Work item –
Transcribe, exactly and without pictures, the lines below from the line with "Aromatizador de Ambiente 250ml Spray Alecrim Aromatizador" to the line with "Stor tallerkenhylle malt i rød og grønn.", both ends included, and no others.

Materials provided –
◆ ◆ ◆

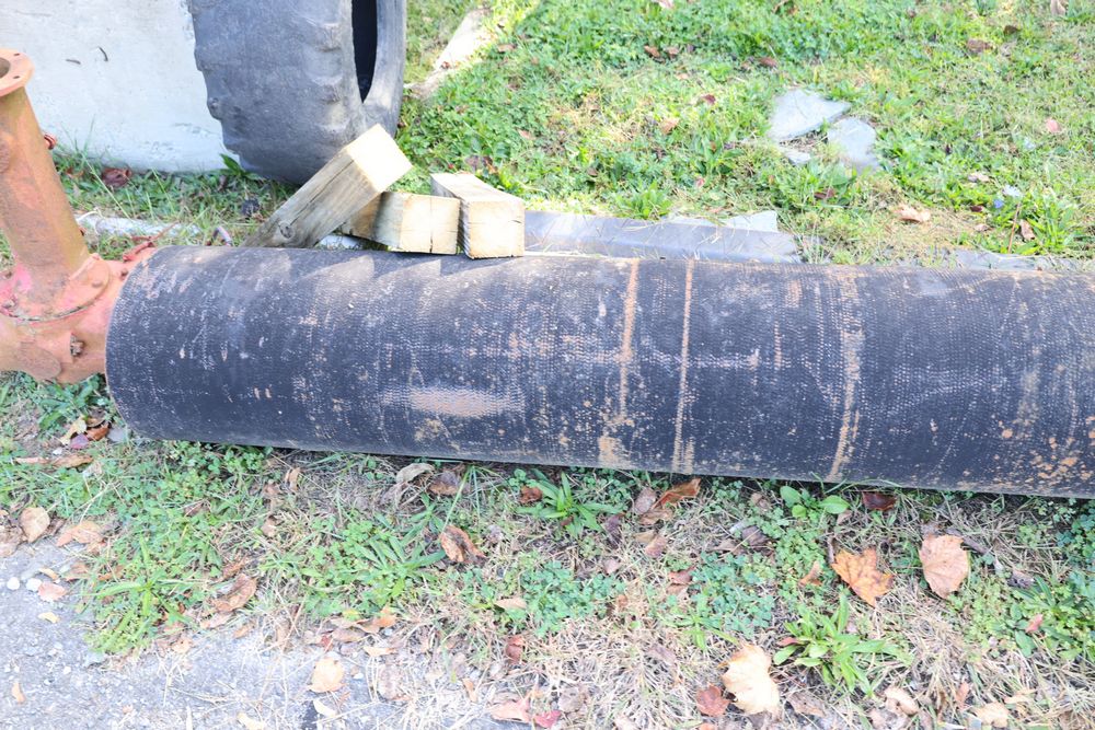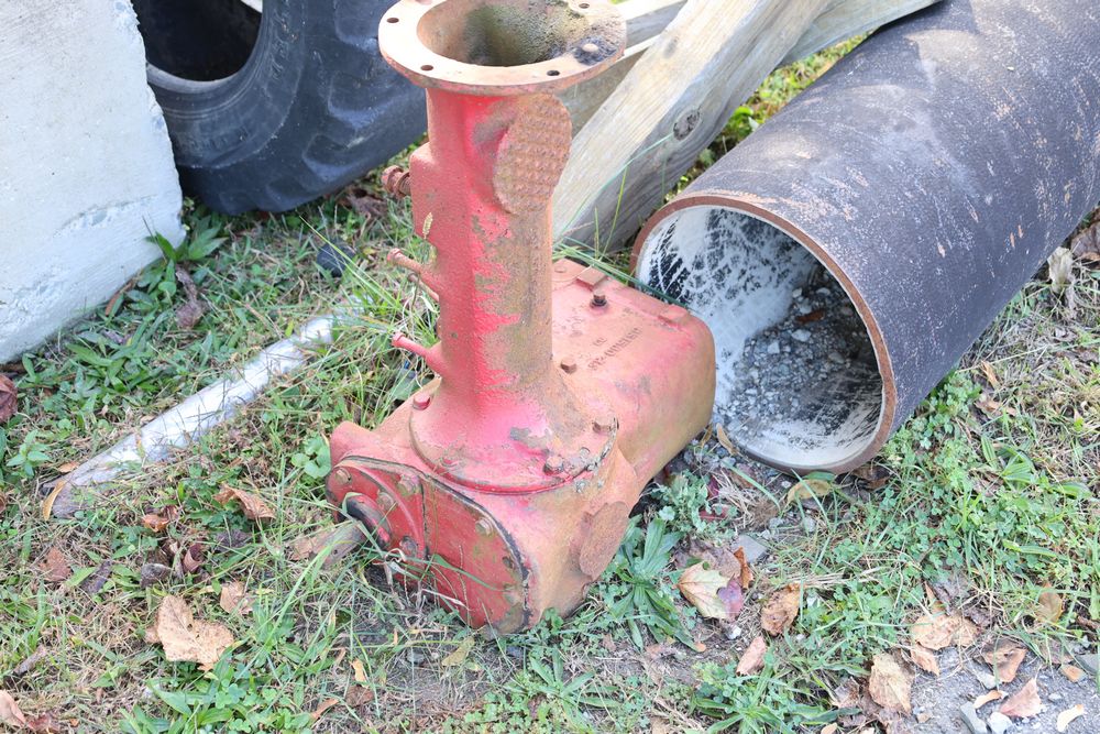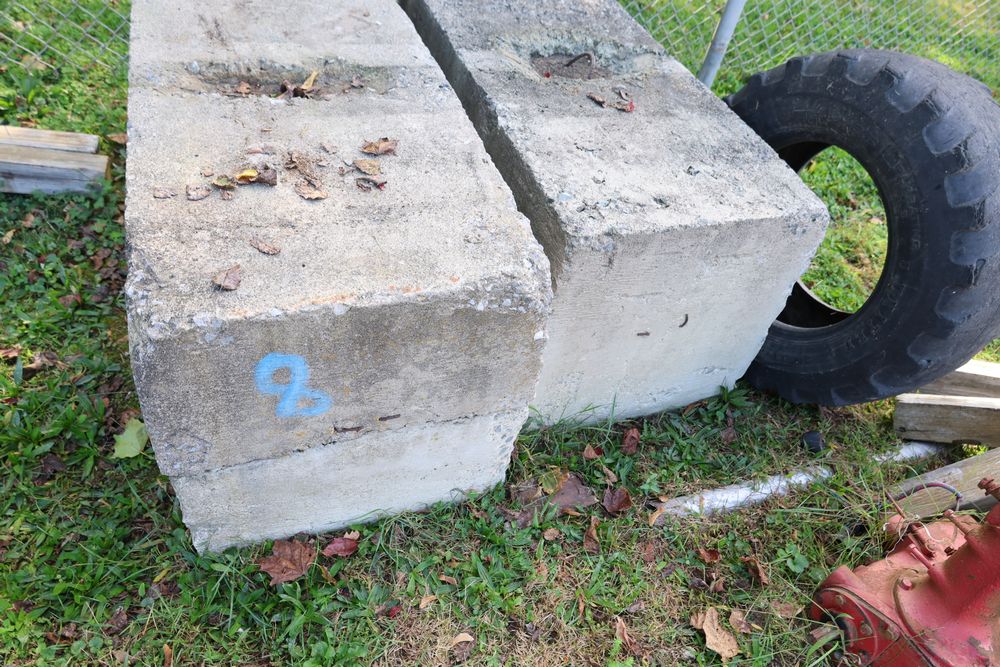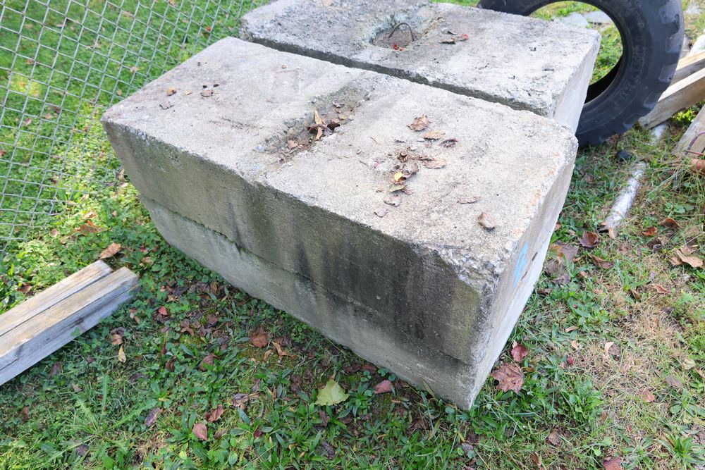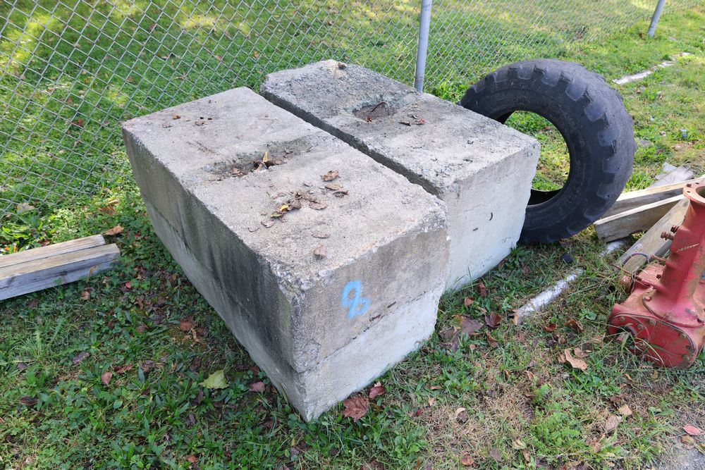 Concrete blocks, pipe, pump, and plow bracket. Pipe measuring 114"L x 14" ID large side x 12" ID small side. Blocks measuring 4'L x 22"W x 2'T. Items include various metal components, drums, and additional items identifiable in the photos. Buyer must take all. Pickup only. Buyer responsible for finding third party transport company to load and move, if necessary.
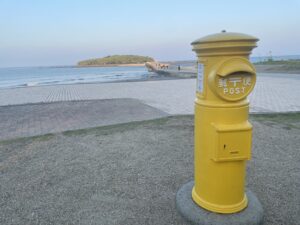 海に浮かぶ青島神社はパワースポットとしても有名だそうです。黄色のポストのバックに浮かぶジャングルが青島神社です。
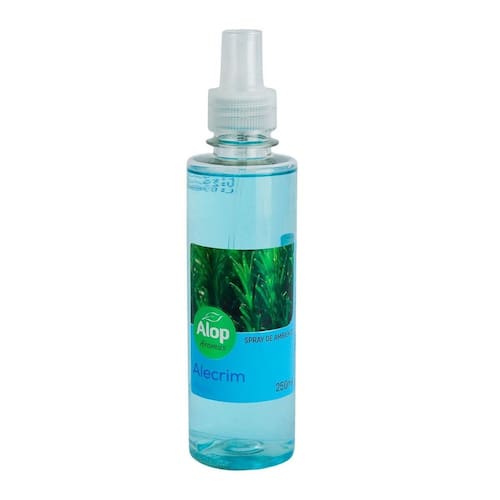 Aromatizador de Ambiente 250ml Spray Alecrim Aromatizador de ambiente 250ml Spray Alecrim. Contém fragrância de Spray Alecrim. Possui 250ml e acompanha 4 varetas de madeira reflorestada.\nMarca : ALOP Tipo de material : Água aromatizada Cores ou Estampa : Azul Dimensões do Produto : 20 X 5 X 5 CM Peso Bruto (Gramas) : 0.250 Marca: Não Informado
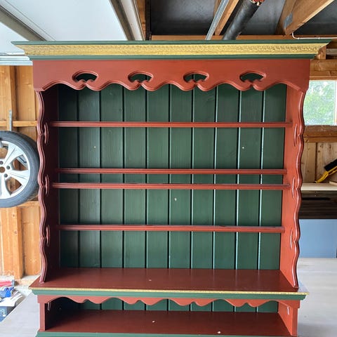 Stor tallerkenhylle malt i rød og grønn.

◆ ◆ ◆

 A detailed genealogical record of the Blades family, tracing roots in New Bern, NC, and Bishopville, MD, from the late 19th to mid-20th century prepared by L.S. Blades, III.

◆ ◆ ◆

Exercise response –
 Aromatizador de Ambiente 250ml Spray Alecrim Aromatizador de ambiente 250ml Spray Alecrim. Contém fragrância de Spray Alecrim. Possui 250ml e acompanha 4 varetas de madeira reflorestada.\nMarca : ALOP Tipo de material : Água aromatizada Cores ou Estampa : Azul Dimensões do Produto : 20 X 5 X 5 CM Peso Bruto (Gramas) : 0.250 Marca: Não Informado
 Stor tallerkenhylle malt i rød og grønn.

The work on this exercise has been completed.